Бубер понял, что созерцание не только удваивает, но и удесятеряет силы мистика. Г. Померанц, исследователь творчества М. Бубера, высказывает мнение о том, что Бубер был близок к прекрасному слиянию «Я – Ты» в духе Руми, но, вероятно, «не перешел известного порога, после которого созерцание само рождает порыв к действию. Но даже это неполное созерцание оставило в нем некоторый след, некоторую почву опыта, на который впоследствии опиралась его мысль» [4: 13].

Несколько лет (с 1904 по 1909 г.) Бубер посвятил изучению хасидизма, собирал и пересказывал предания о его учителях и подвижниках. Хасидизм, впитавший в себя высочайшие достижения еврейской мистики, – это, по словам Бубера, «кабалла, ставшая этосом». Для него самым достоверным источником были легенды, которые заключали истории «Я и Ты». Легенда – не хроника, но она, по мнению Бубера, «правдивее хроники» [5: 435–436].

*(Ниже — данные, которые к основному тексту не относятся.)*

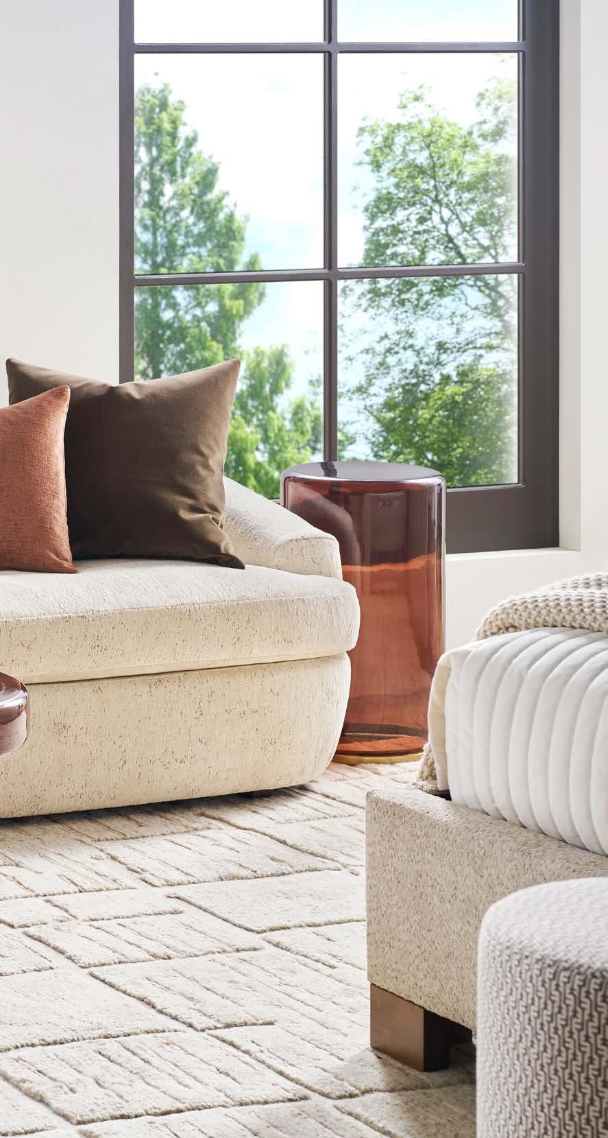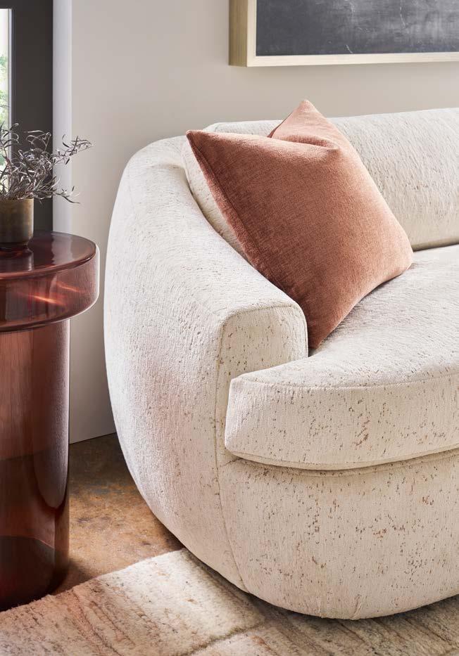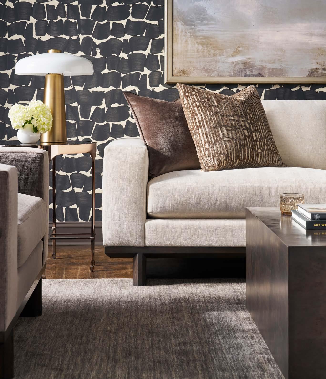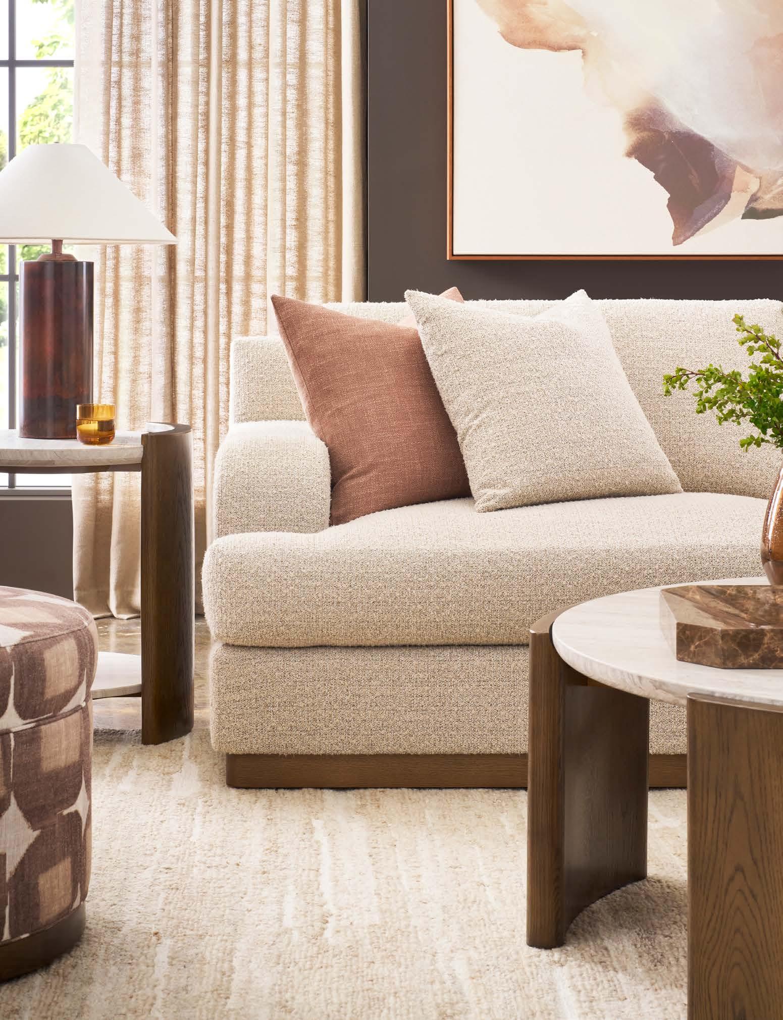 Front Cover: SYMMETRY CHAIR V240-CH. (W 43 D 42 H 34) Fabric: Toscana Sable. Finish: Amarone. Wood Base. CALLIOPE END TABLE 7007E (Perspective) (Stocked) (W 24 D 24 H 25) Polished Cocoa Metal Base, Bronze Tinted Glass Top. SYMMETRY TWO SEAT SOFA V240-2S. (W 97 D 42 H 34) Fabric: Trendy Ivory; two standard 21" throw pillows in Toscana Sable. Finish: Amarone. White Oak Base. Shown with one extra MPSP22 pillow in Verity Walnut (additional charge) VERONA COCKTAIL TABLE P377C1. (W 36 D 36 H 16.5) Finish: Silver Briar. Random Match Mappa Burl Veneers on Top and Sides, Black Painted Base.
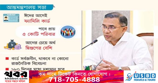 প্রতিশ্রুতি অনুযায়ী ঈদুল ফিতরের আগেই ফ্যামিলি কার্ড বিতরণের সিদ্ধান্ত নিয়েছে সরকার। পর্যায়ক্রমে ৫ কোটি পরিবারকে ফ্যামিলি কার্ড দেওয়ার সিদ্ধান্ত নেওয়া হয়েছে। দ্রুতই এ প্রক্রিয়া শুরু হবে। গতকাল সকালে সচিবালয়ে প্রধানমন্ত্রী তারেক রহমানের নেতৃত্বে অনুষ্ঠিত আন্তঃমন্ত্রণালয় সভায় এ সিদ্ধান্ত চূড়ান্ত হয়।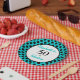 Feiern Sie den fabelhaften 50. Geburtstag Ihres Liebsten als mit diesem kühnen, eleganten 50. Geburtstagsdesign. 50 und Fabulous in türkisfarbenem und schwarzem Text mit lustigen Polka Punkte.
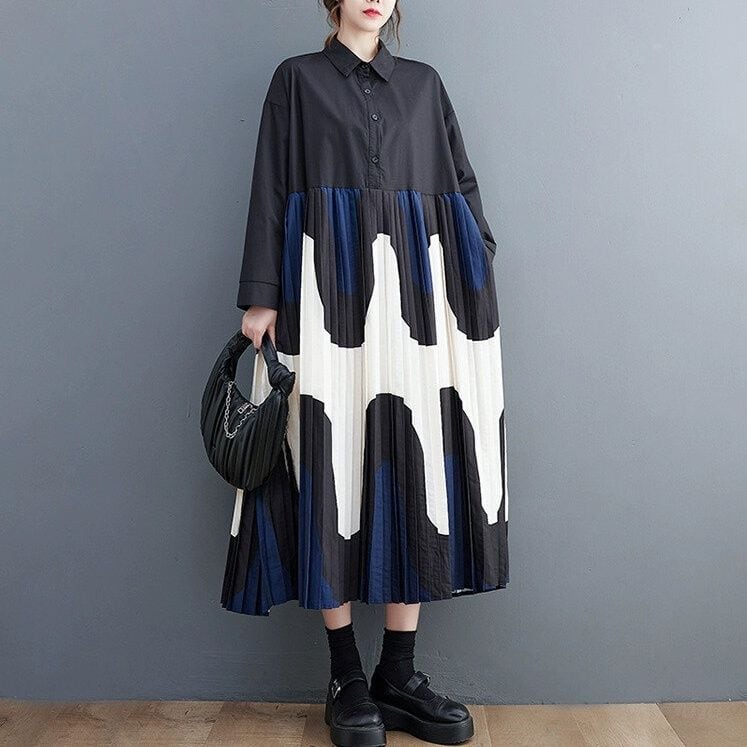 ブラックの単色とプリーツ加工の柄生地のスティッチデザインがお洒落な、ポロ襟・長袖・膝下丈のシャツワンピースです。ゆったりとしたAラインのシルエットが魅力的な、目を惹くアイテムです。

В художественной концепции Фета «Ты» становится объектом чистого созерцания шопенгауэрского типа, порождением его искусства. «Ты» – «чистый субъект» познания, идея. Экзистенциальное, внутреннее, становится у Фета внешним, эстетическим, становится искусством, той силой, которая спасает поэта: трагическое его жизни становится искусством, в котором, если говорить на языке Шопенгауэра, остается один только мир как представление, а мир как воля исчезает. Гений поэта, если измерять его критерием философа, и состоит в преобладающей способности чистого созерцания: «...гениальность есть способность относиться вполне созерцательно, теряться в созерцании, и свое познание, предназначенное собственно к услужению воле, освобождать от такого служения, т.е. совершенно упускать из виду собственный интерес, собственное желание, собственные цели, и потому вполне отказываться на время от собственной особы, чтобы остаться чистым познающим субъектом, ясным оком мироздания...» [6: 415].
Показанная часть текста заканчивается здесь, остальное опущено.